Each test runs 1000 repetitions by default, and the results are stored in the Records/
directory.
Run the tests as follows:
python NB201_ImageNet.py \
--task acc_loss \ # Indicate which set of criteria to compare
--rounds 1000 \ # The number of repetitions for each comparison
--max_iters 50 81 \ # The budget constraint R for Hyperband
--eta 3 # The filtering ratio for Hyperband
To compare the outcomes of each criterion, we employ the Wilcoxon signed-rank test to determine the presence of significant differences among the criteria. We also keep track of the number of wins, ties, and losses of each criterion across the 1000 repetitions.

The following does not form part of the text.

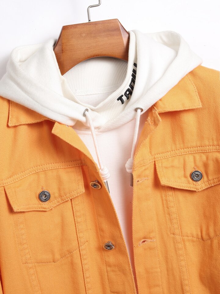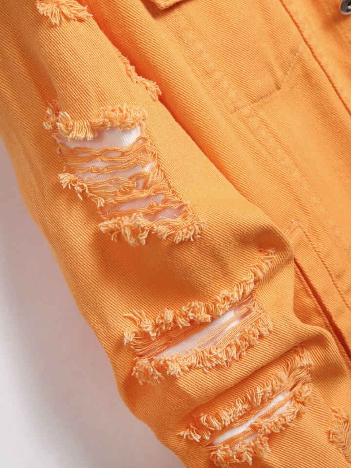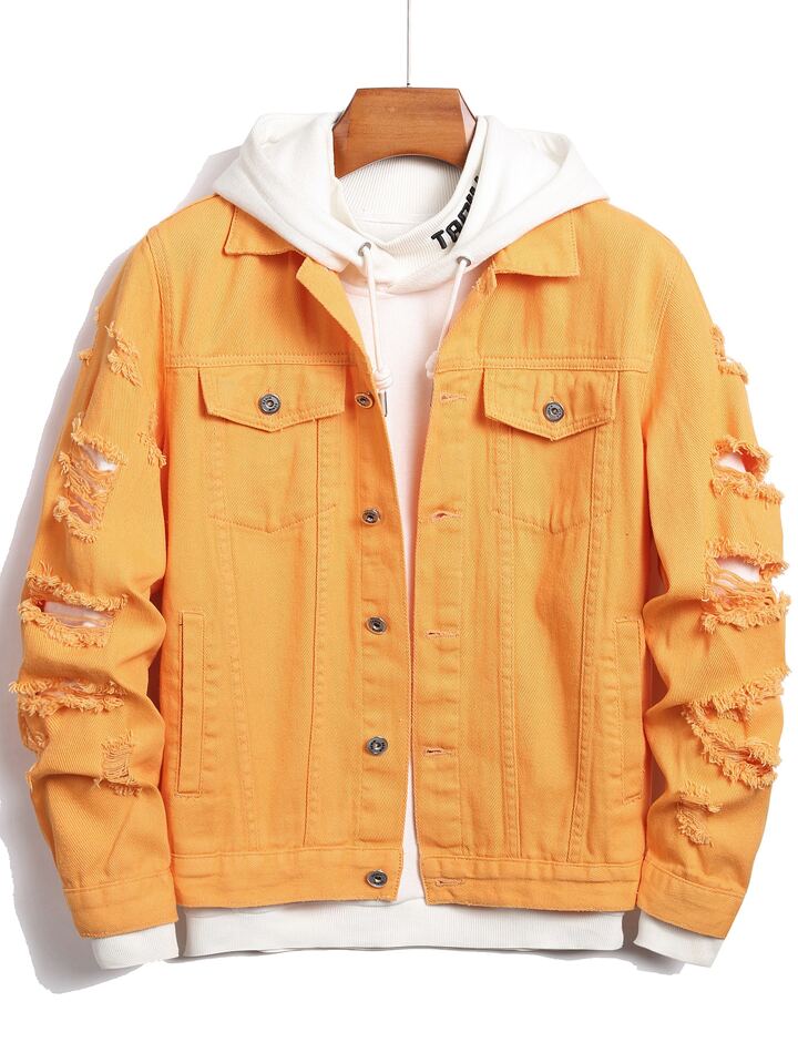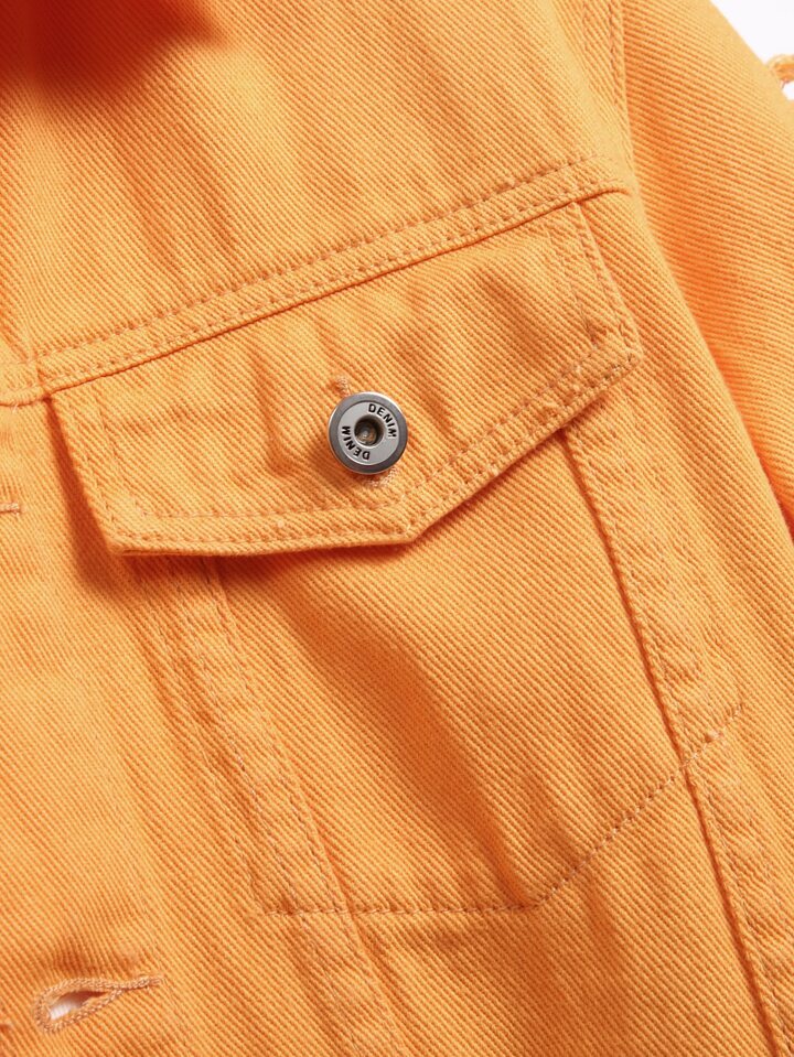 Guys 1pc Ripped Flap Pocket Denim Jacket

The scripts for these tests are located in the Tests/
directory.
You can reproduce the comparison results by running:
cd Tests/
python wilcoxon.py \ # Wilcoxon signed-rank test
--task acc_loss \ # Indicate which set of criteria to compare
--dataset ImageNet \ # Benchmark name
--max_iters 50 81 \ # The budget constraint R for Hyperband
--eta 3 # The filtering ratio for Hyperband
python wtl.py \ # Count the wins/ties/losses
--task acc_loss \
--dataset ImageNet \
--max_iters 50 81\
--eta 3
Scripts for reproducing the figures presented in the paper are provided in the zFigures/
directory. Simply execute the scripts to obtain visualization results.
Copyright: The copyright of this repository belongs to the authors of the VLDB'2025 paper submission (#345). The purpose of this package is only for the assessment by the VLDB'2025 program committee during the paper review process; any other uses for any other purposes are prohibited.